L. Synn Stern has been doing outreach work since the 1980’s. As an ex-sex worker and ex-injection drug user, she has a unique perspective on her work and the lives of her clients. She is now a certified R.N. and works as Health Services Coordinator at the Washington Heights Corner Project, a community space in Washington Heights that provides syringe exchange, counseling, and various support groups among other services. She also helps run the weekly women’s group there. I took some time to talk to her about her past doing sex work, her passion for outreach, and how she was rebirthed into the woman she is today.
What was your experience being homeless for much of your youth in NYC?
I spent a lot of time as one of the hidden homeless; the couch surfer, the office dweller, the sleeper in locker rooms, exploiting the rich, unpoliced resources of college campuses. I spent more time than that frankly homeless; out on the street with nowhere to to stash my blankets and nowhere to wash. NYC is a cruel place for those in need of a public toilet, and the more homeless one looks, the harder they are to find. Although it took me a while to figure out, as long as college was in session, I was able to keep myself together by sleeping in unused campus spaces or befriending legitimate students, eating in their cafeterias (or getting students to steal food for me) and bathing in gym buildings and the like. I lived several relatively undisturbed years in the dance building of a campus under construction. I had my own set of lockers, unlimited access to showers. Fantastic. Between semesters I ran the gamut of out-on-the-street homeless, to sleeping on trains, to living in abandoned buildings, squats, emergency rooms, and tricks’ houses. The usual thing.
How did you get involved in the sex industry? What was it like working then in comparison to how it is now?

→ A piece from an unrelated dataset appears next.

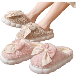 棉拖鞋女2025秋冬新款室内柔软防滑保暖毛绒蝴蝶结包跟居家毛拖鞋 蝴蝶结绿色 36-37

I remember sitting in a bar once, very underage, during school hours, and the guy next to me said, “Penny for your thoughts.” I scoffed. Then he said, “Twenty bucks for your thoughts,” and it was that simple. Before that I had not realized that there was any value to what I’d been giving away.
And for the first dozen paid encounters, I felt like Queen Feminist. I felt like I’d invented it. I could not have been prouder. Of course, I was out there a long time, vulnerable, incautious and young enough to experience at lot of pain and shame as well…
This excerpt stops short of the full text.